• EXERCISE INSTRUCTIONS
Output the full listing below exactly; the images stay out.

• INFORMATION SHOWN
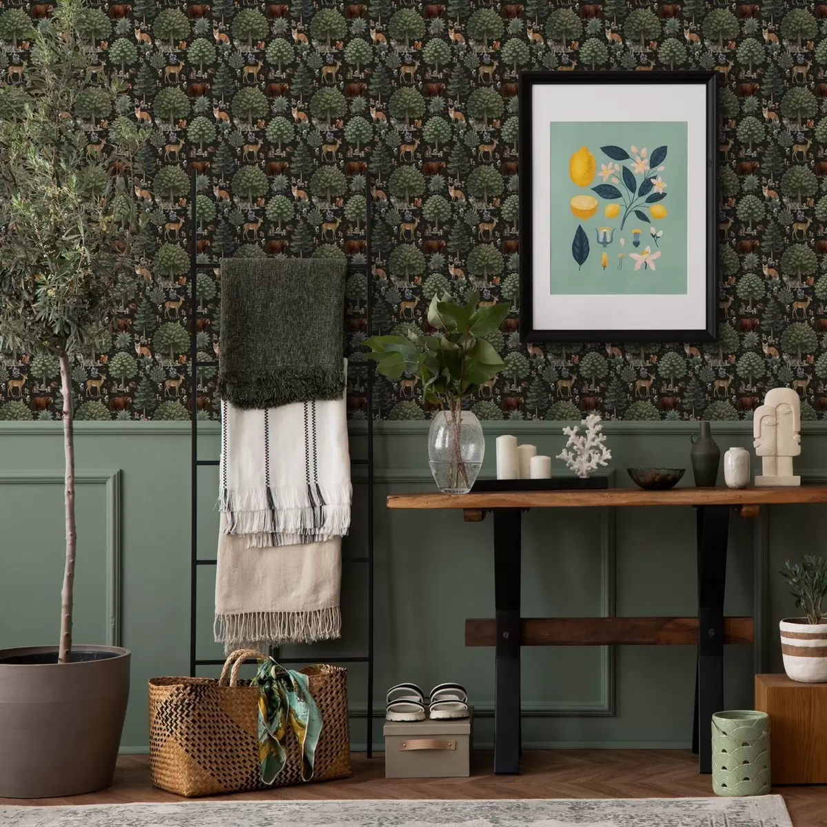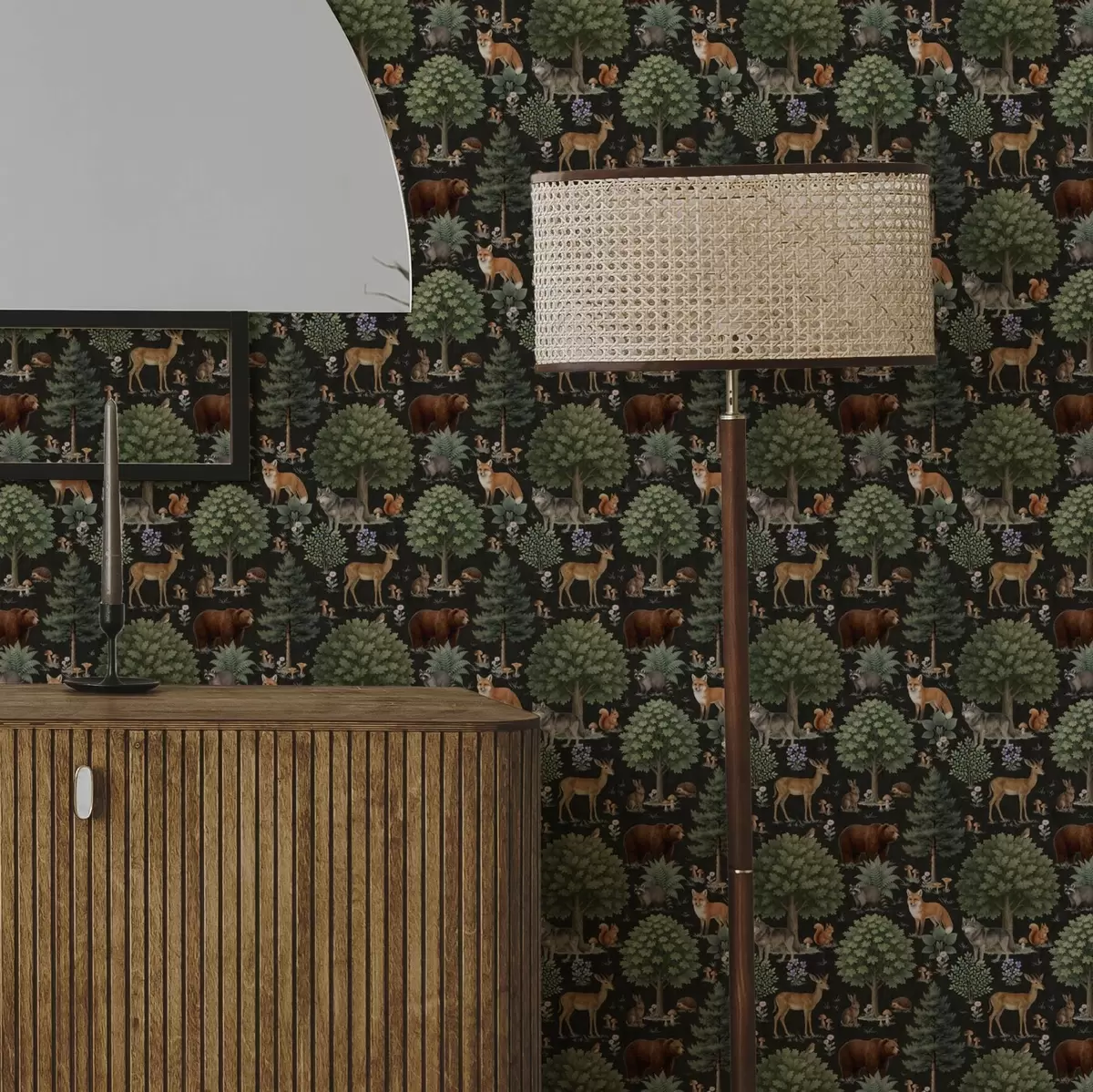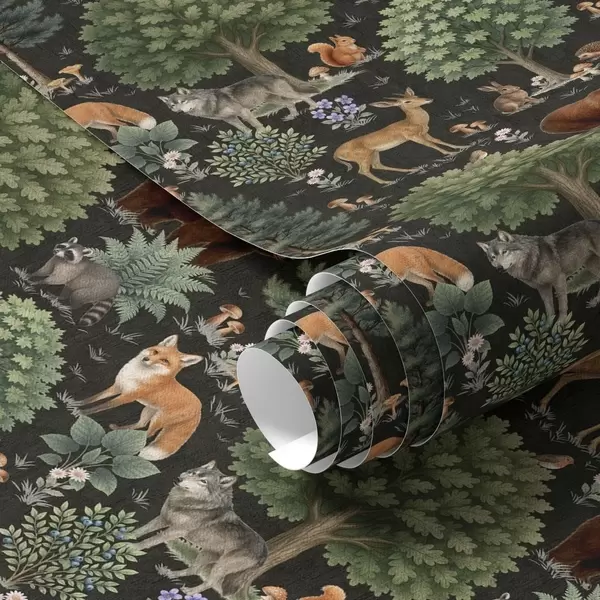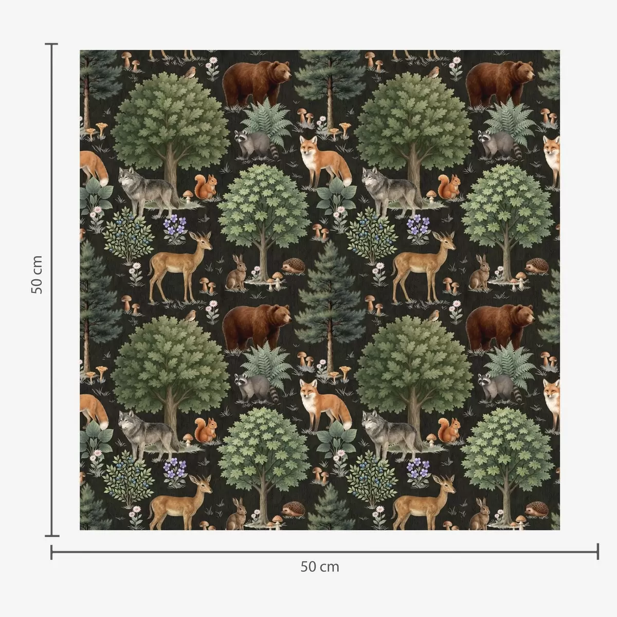 Papiers peints Aquarelle d'animaux de la forêt avec arbres et champignons Nr. a00391
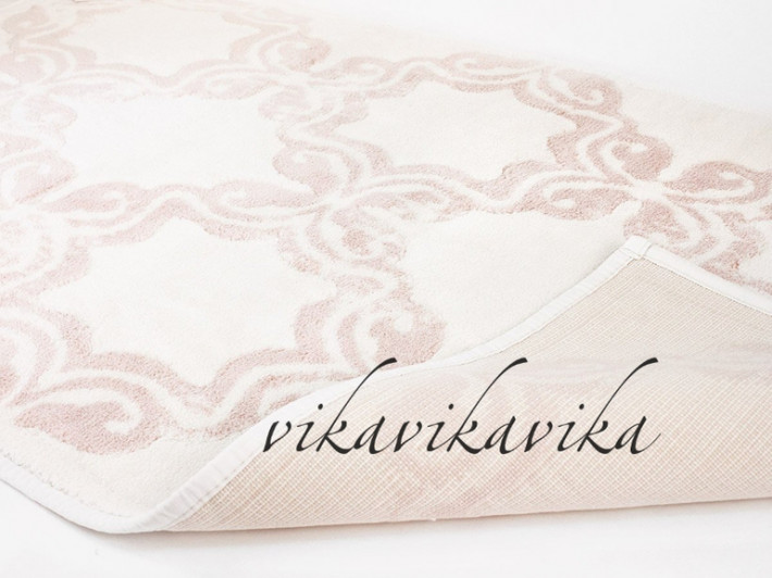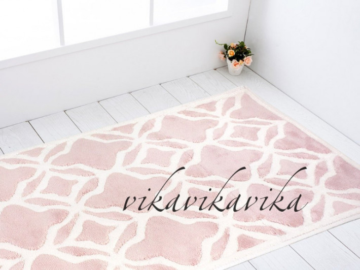 4) Изысканный и стильный коврик в ванную комнату с нежным кружевом. Кружевная отделка в виде нежных цветов по периметру всего коврика. Натуральный хлопок и высокая плотность махровой ткани(не менее 700 гр/м2) обеспечивают великолепную впитываемость и высокую стойкость материала. Широкая цветовая гамма, пересекающихся по тональности расцветок, позволяет великолепно комбинировать коврики в зависимости от зонирования ванной комнаты или расцветки отделочных материалов.
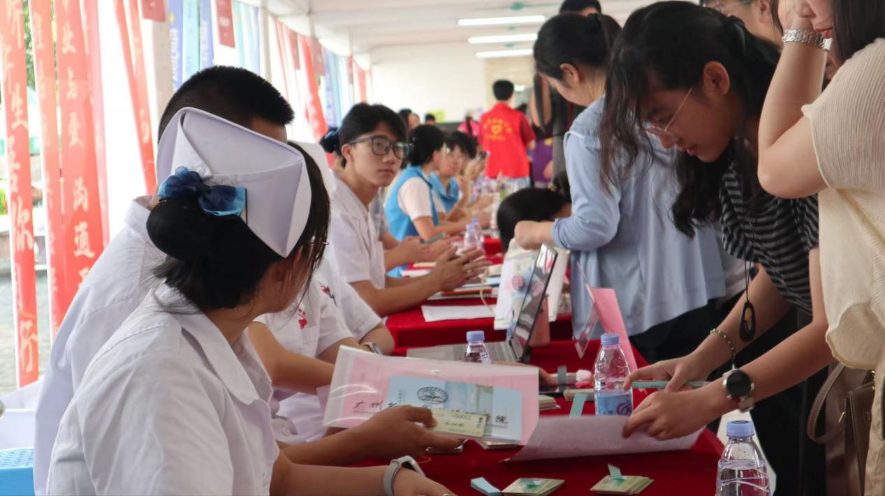 迎新当天,新生报到处十分热闹。导生团队早早就在此等候,他们是新生入学第一天最前线的“引导者”。这些导生都经过精心选拔和培训,从登记领材料到指引路线,从专业学习到生活琐事,耐心为新生解答每一个疑问,助力新生快速融入大学生活。

• RESPONSE
 Papiers peints Aquarelle d'animaux de la forêt avec arbres et champignons Nr. a00391
 4) Изысканный и стильный коврик в ванную комнату с нежным кружевом. Кружевная отделка в виде нежных цветов по периметру всего коврика. Натуральный хлопок и высокая плотность махровой ткани(не менее 700 гр/м2) обеспечивают великолепную впитываемость и высокую стойкость материала. Широкая цветовая гамма, пересекающихся по тональности расцветок, позволяет великолепно комбинировать коврики в зависимости от зонирования ванной комнаты или расцветки отделочных материалов.
 迎新当天,新生报到处十分热闹。导生团队早早就在此等候,他们是新生入学第一天最前线的“引导者”。这些导生都经过精心选拔和培训,从登记领材料到指引路线,从专业学习到生活琐事,耐心为新生解答每一个疑问,助力新生快速融入大学生活。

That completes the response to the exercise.